Allowable Fee, or Usual and Customary Reimbursement (UCR)
The maximum amount a health insurer will pay for a service or procedure.
Adjusted community rating (ACR)
A rating method under which a health plan or MCO divides its members into classes or groups based on demographic factors such as geography, family composition, and age, and then charges all members of a class or group the same premium. The plan cannot consider the experience of a class, group, or tier in developing premium rates.

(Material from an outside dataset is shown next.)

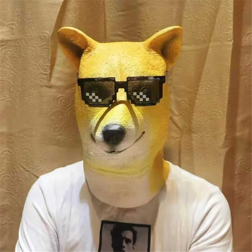 Testa di animale divertente maschera testa di asino Deluxe novità Halloween pesce verde Costume Husky con occhiali puntelli di carnevale per feste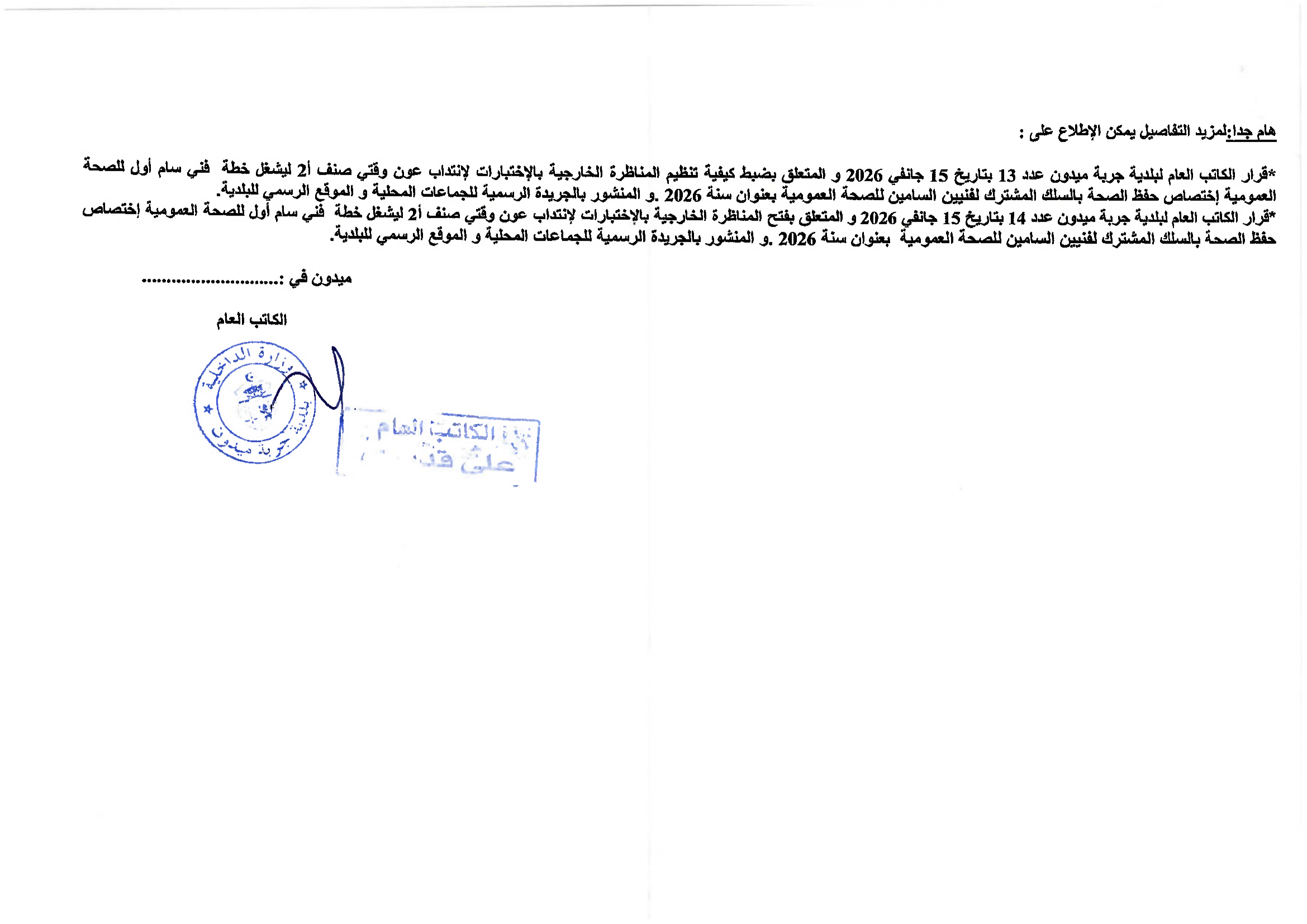 بلاغ انتداب فني سامي أول الصحة العمومية

Also known as modified community rating or community rating by class.
ASO (Administrative Services Only)
An arrangement in which an employer hires a
third party to deliver administrative services to the employer such as claims processing
and billing; the employer bears the risk for claims.
Benefit
A health care product or service that is paid for (in part or whole) by the insurance company.
Coinsurance
A form of medical cost sharing in a health insurance plan that requires an insured person to pay a stated percentage of medical expenses after the deductible amount, if any, was paid.
Coordination of Benefits
A system to eliminate duplication of benefits when you are covered under more than one group health insurance plan. Benefits under the two health insurance plans usually are limited to no more than 100 percent of the health claim.
Co-payment
A form of medical cost sharing in a health insurance plan that requires an insured person to pay a fixed dollar amount when a medical service is received. The insurer is responsible for the rest of the reimbursement.
Deductible
A fixed dollar amount during the benefit period - usually a year - that an insured person pays before the insurer starts to make payments for covered medical services. Plans may have both per individual and family deductibles.
Covered Expenses
Most health insurance plans, whether they are fee-for-service, HMOs, or PPOs, do not pay for all health care services. Some may not pay for prescription drugs. Others may not pay for mental health care. Covered health care services are those medical procedures the health insurer agrees to pay for. They are listed in the health insurance policy.
Customary Fee
Most health insurance plans will pay only what they call a reasonable and customary fee for a particular health care service. If your doctor charges $1,000 for a hernia repair while most doctors in your area charge only $600, you will be billed for the $400 difference. This is in addition to the deductible and coinsurance you would be expected to pay. To avoid this additional cost, ask your doctor to accept your health insurance company's payment as full payment. Or shop around to find a doctor who will. Otherwise you will have to pay the rest yourself.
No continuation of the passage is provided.